=== ACTIVITY ===
The answer is to consist only of an exact retyping of the lines from the one containing "- Shock-resistant &" to the end of the entries, without pictures.

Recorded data
····················
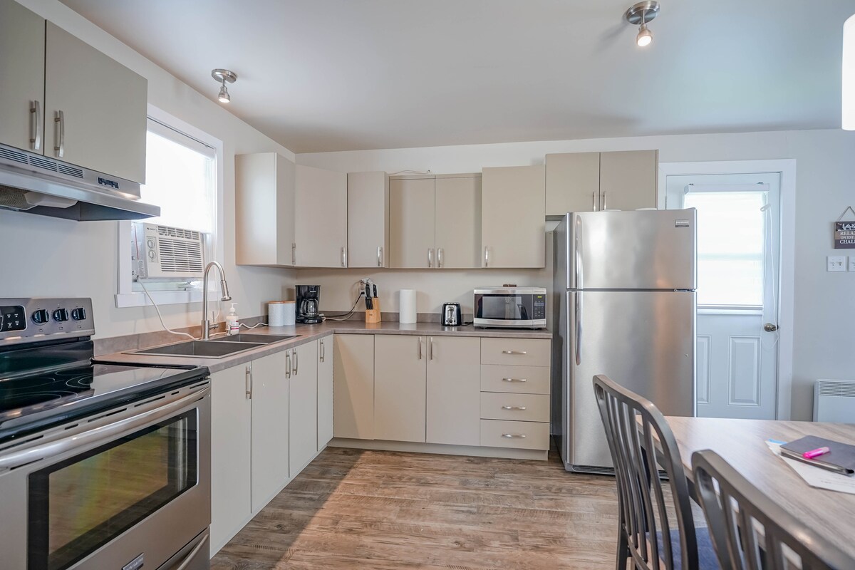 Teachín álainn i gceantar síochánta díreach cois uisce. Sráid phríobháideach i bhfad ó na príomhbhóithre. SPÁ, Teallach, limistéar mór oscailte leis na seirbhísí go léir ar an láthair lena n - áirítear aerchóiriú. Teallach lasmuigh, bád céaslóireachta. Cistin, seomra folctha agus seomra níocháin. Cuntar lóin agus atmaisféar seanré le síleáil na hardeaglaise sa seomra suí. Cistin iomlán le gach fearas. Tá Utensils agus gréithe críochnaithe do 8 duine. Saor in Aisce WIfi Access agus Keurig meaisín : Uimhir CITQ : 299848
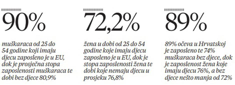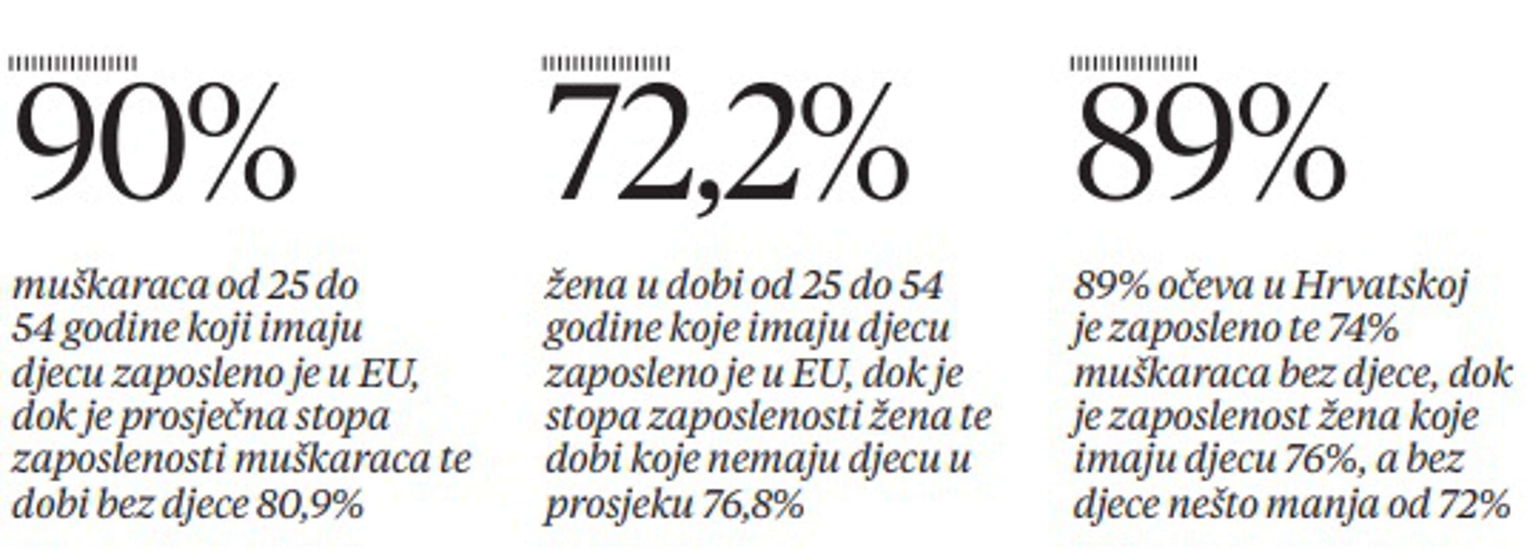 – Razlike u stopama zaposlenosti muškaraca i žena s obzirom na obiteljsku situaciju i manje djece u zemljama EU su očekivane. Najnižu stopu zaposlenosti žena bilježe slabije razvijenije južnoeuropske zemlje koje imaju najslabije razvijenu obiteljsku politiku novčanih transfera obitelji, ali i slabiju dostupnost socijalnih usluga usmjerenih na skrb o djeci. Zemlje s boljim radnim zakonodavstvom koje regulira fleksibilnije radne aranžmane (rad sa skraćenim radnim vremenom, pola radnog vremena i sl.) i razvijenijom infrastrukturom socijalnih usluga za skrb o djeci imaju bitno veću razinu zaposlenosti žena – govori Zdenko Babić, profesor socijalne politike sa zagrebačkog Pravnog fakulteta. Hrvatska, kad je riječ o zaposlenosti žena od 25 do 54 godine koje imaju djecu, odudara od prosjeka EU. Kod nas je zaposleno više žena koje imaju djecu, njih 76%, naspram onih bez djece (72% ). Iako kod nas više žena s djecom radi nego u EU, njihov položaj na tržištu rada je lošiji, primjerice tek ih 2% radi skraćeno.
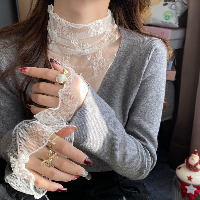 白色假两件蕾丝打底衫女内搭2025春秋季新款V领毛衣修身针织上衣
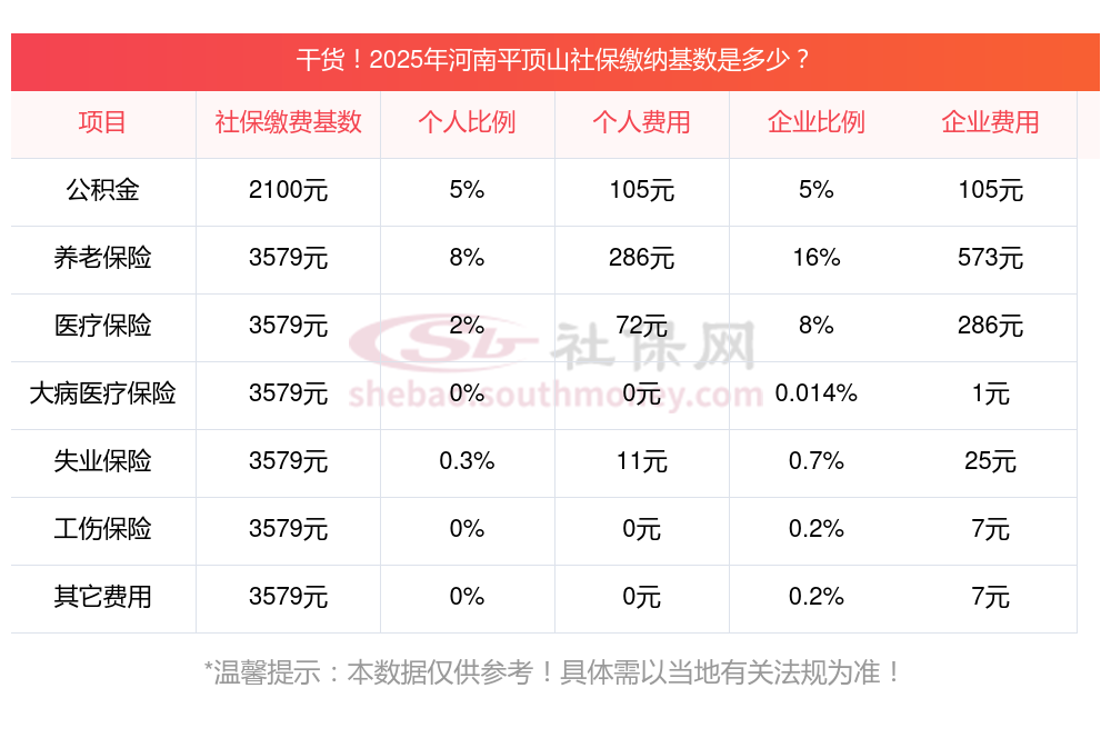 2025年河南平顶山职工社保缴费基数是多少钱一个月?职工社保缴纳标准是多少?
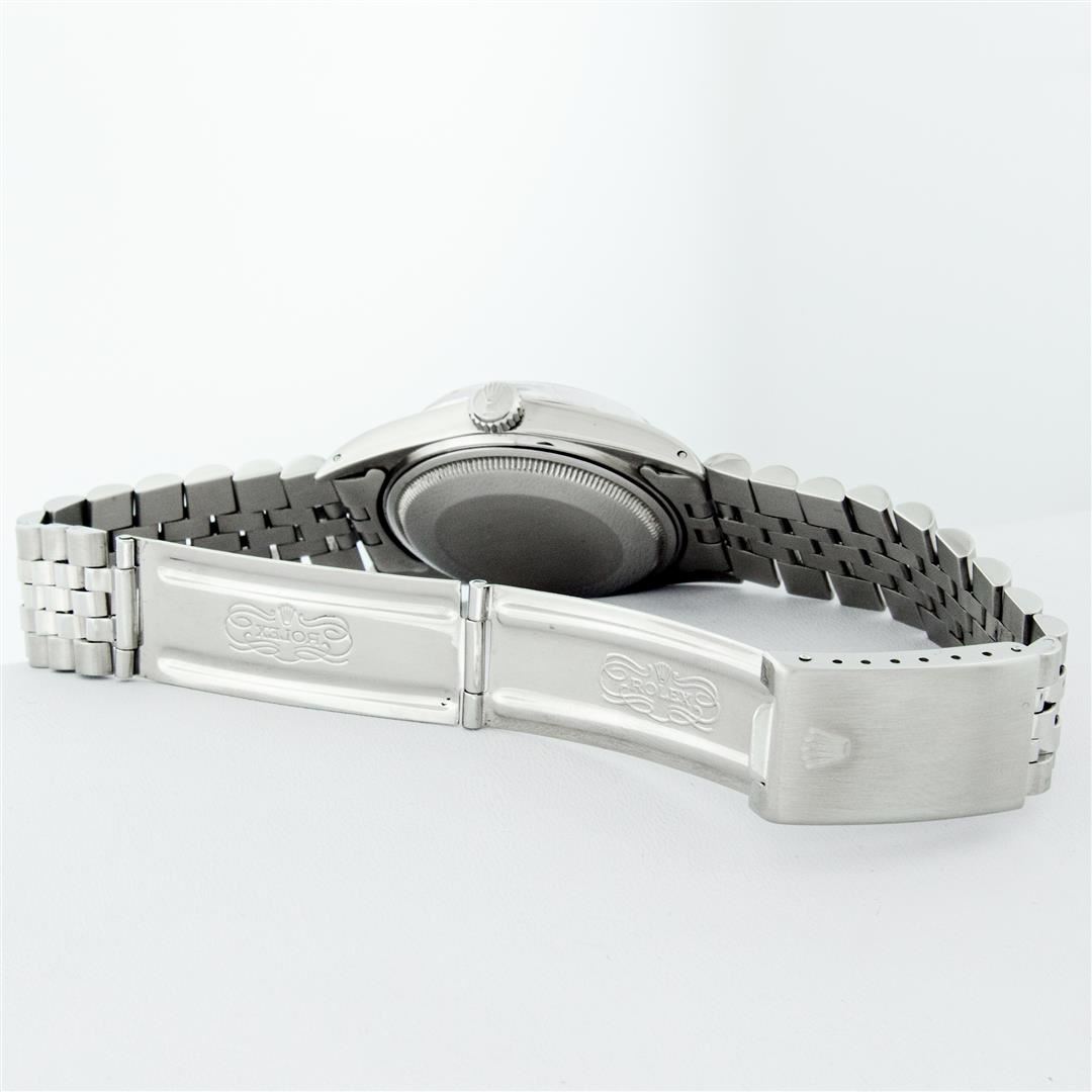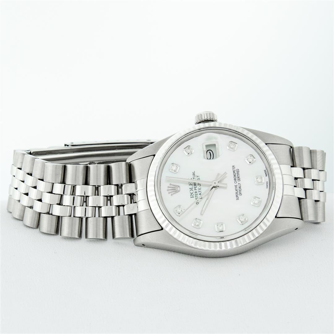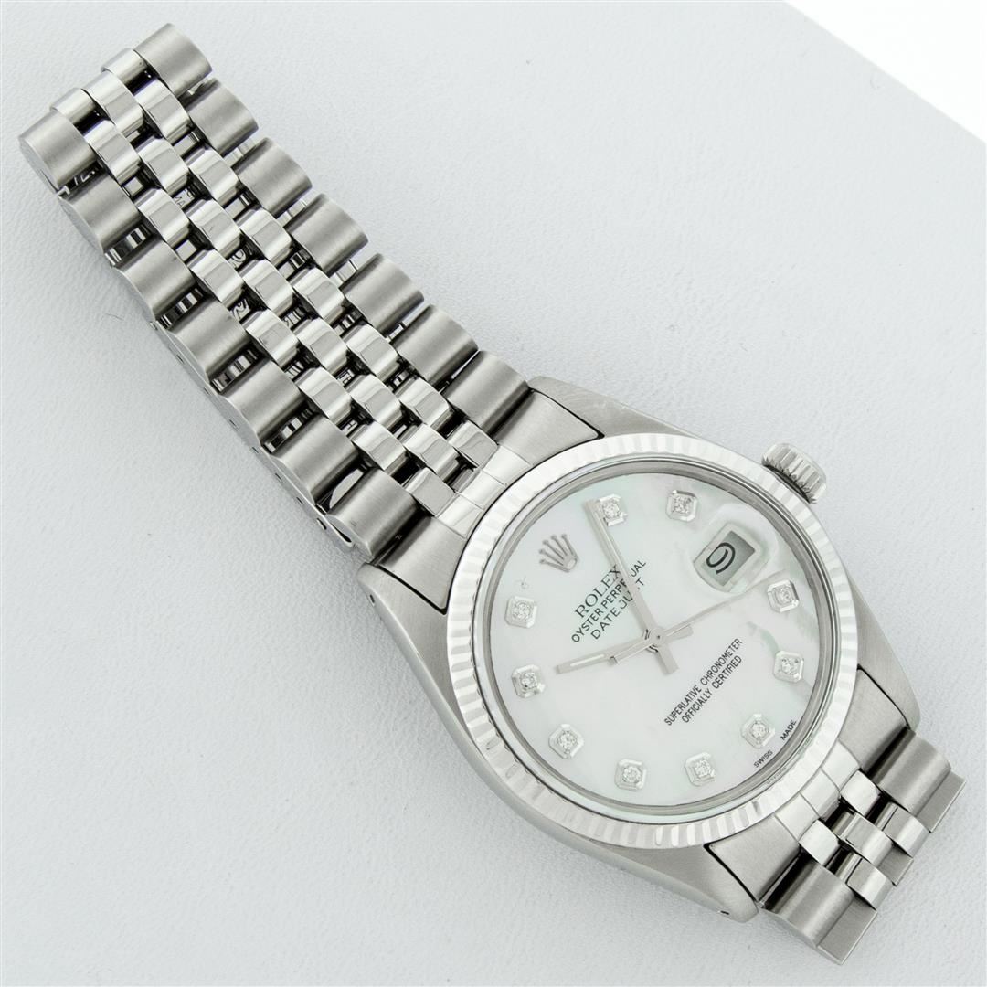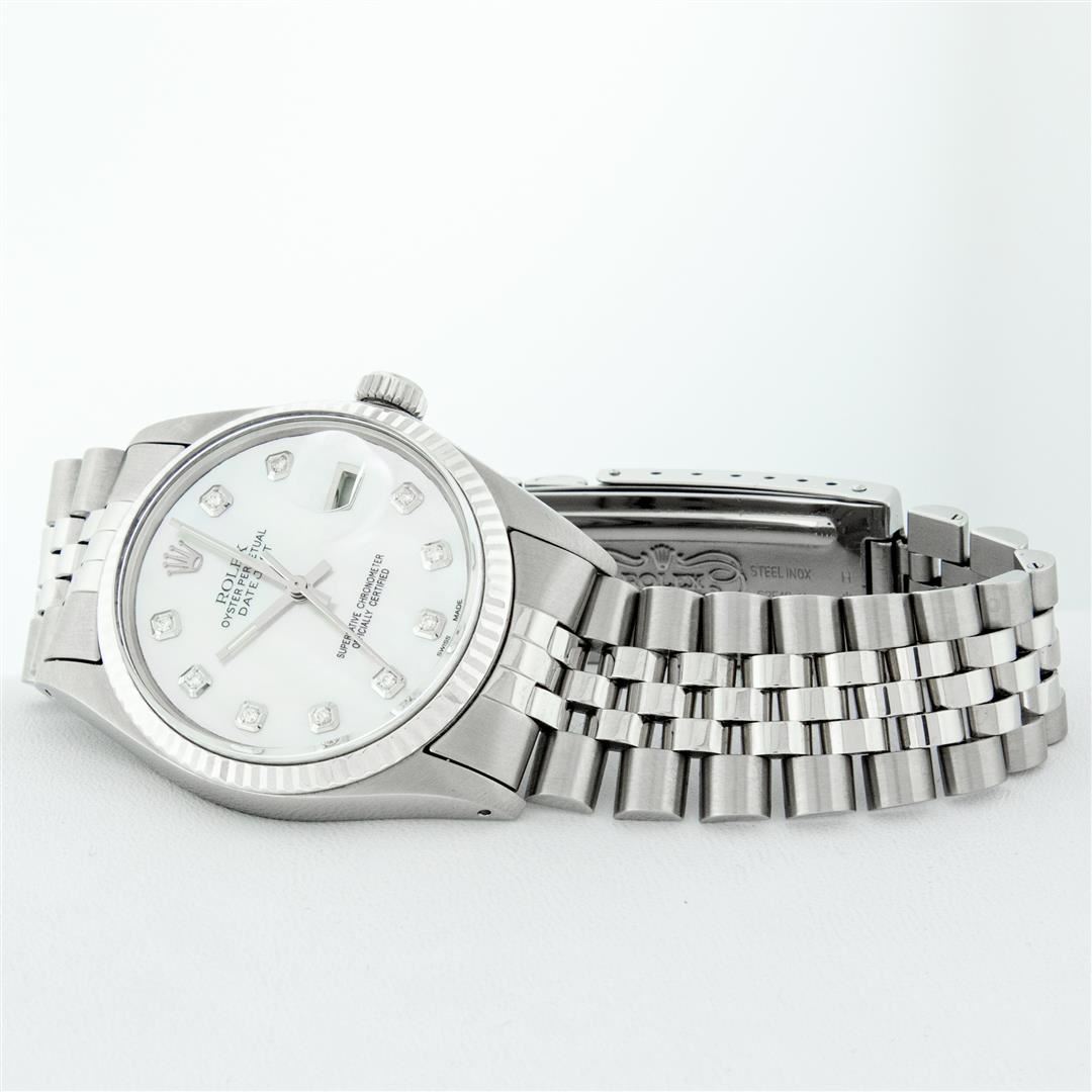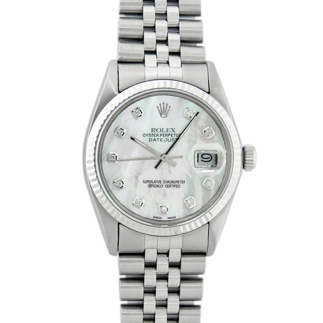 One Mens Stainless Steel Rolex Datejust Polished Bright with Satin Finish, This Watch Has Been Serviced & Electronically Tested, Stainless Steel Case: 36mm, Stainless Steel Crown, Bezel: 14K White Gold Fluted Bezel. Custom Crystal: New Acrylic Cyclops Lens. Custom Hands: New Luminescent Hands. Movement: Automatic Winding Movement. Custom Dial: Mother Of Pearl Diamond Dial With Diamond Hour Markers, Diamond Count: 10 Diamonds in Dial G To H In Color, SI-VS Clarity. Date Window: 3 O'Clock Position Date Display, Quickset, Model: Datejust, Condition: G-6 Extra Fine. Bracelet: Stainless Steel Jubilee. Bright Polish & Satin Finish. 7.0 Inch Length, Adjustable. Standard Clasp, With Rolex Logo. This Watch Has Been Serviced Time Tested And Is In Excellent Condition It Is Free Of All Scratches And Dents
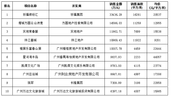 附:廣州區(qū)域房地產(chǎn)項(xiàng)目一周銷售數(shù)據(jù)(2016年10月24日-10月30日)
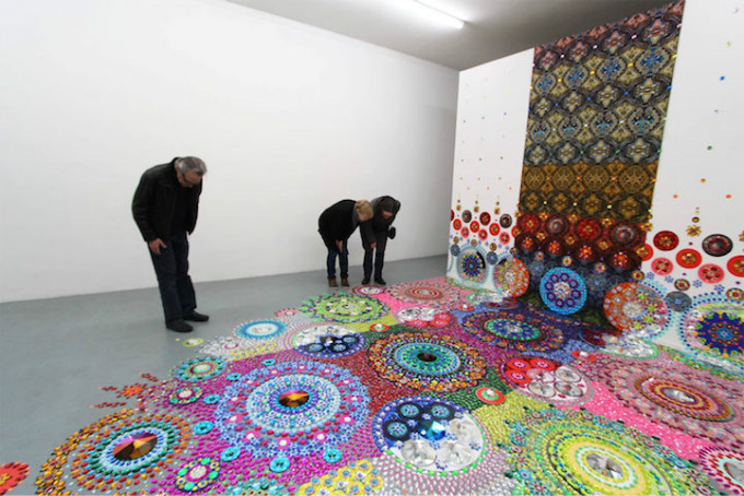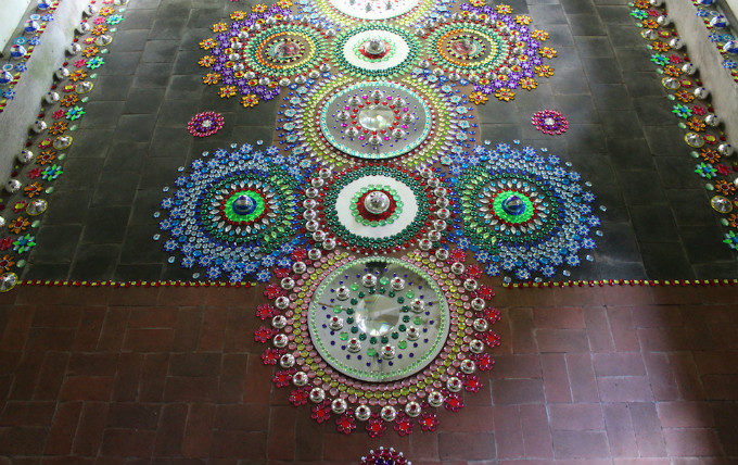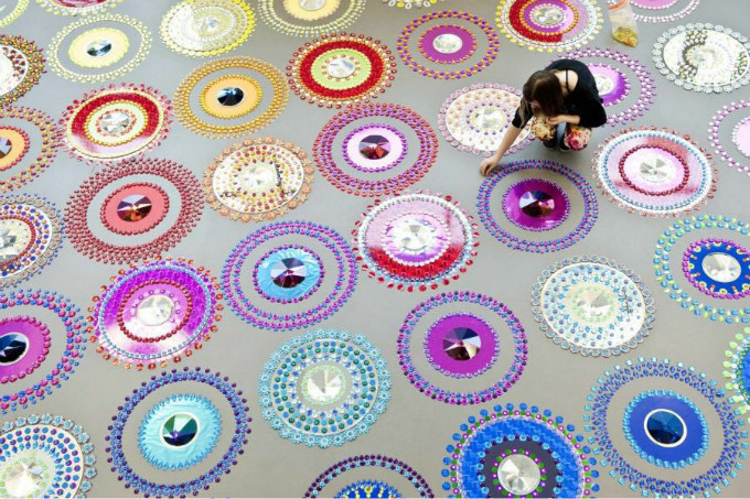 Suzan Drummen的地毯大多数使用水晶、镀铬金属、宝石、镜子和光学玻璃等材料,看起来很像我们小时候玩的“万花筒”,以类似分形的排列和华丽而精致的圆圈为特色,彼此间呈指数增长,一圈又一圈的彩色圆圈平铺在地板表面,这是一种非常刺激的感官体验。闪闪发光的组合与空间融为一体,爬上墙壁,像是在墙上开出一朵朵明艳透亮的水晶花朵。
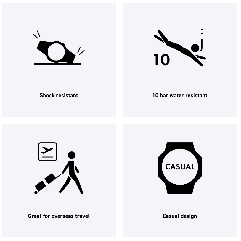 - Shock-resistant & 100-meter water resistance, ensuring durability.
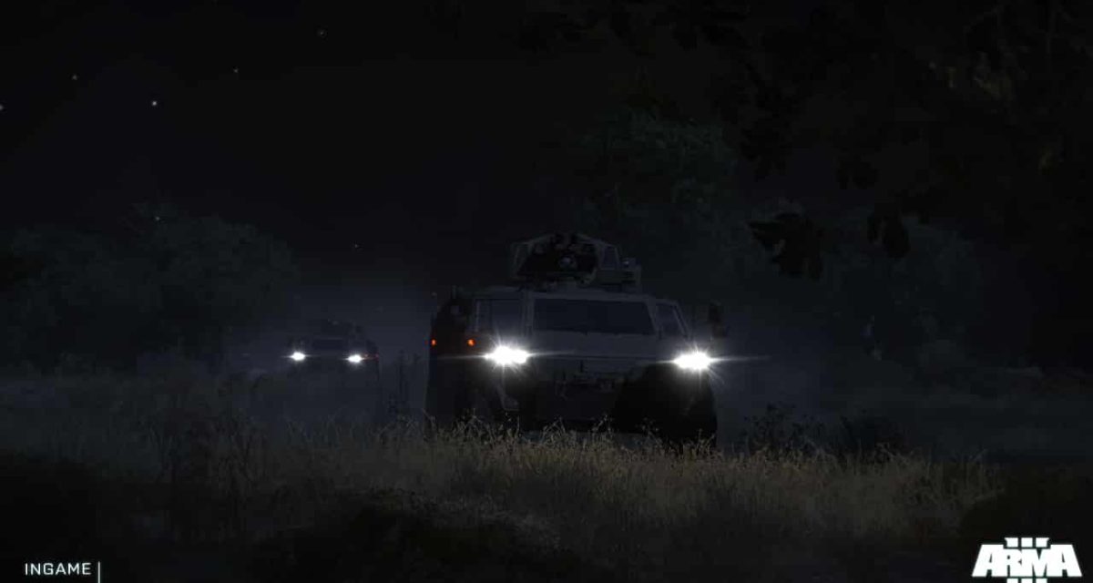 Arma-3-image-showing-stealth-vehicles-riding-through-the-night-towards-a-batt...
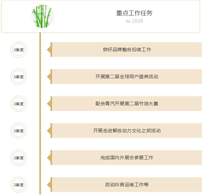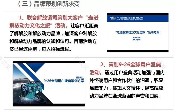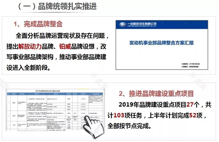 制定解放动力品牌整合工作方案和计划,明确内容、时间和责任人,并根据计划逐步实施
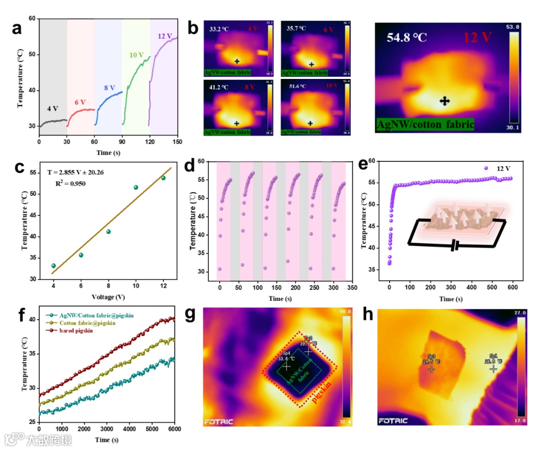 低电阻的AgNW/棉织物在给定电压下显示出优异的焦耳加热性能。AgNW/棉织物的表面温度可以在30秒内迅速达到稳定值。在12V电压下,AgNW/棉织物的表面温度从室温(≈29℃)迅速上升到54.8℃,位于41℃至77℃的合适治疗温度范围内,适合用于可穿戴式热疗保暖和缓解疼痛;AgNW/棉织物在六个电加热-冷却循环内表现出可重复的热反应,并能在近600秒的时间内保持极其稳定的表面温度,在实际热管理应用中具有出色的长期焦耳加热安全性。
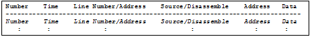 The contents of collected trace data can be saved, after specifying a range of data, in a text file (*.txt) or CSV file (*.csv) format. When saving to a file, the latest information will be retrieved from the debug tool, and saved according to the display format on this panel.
····················
=== RESPONSE TO THIS EXERCISE ===
 - Shock-resistant & 100-meter water resistance, ensuring durability.
 Arma-3-image-showing-stealth-vehicles-riding-through-the-night-towards-a-batt...
 制定解放动力品牌整合工作方案和计划,明确内容、时间和责任人,并根据计划逐步实施
 低电阻的AgNW/棉织物在给定电压下显示出优异的焦耳加热性能。AgNW/棉织物的表面温度可以在30秒内迅速达到稳定值。在12V电压下,AgNW/棉织物的表面温度从室温(≈29℃)迅速上升到54.8℃,位于41℃至77℃的合适治疗温度范围内,适合用于可穿戴式热疗保暖和缓解疼痛;AgNW/棉织物在六个电加热-冷却循环内表现出可重复的热反应,并能在近600秒的时间内保持极其稳定的表面温度,在实际热管理应用中具有出色的长期焦耳加热安全性。
 The contents of collected trace data can be saved, after specifying a range of data, in a text file (*.txt) or CSV file (*.csv) format. When saving to a file, the latest information will be retrieved from the debug tool, and saved according to the display format on this panel.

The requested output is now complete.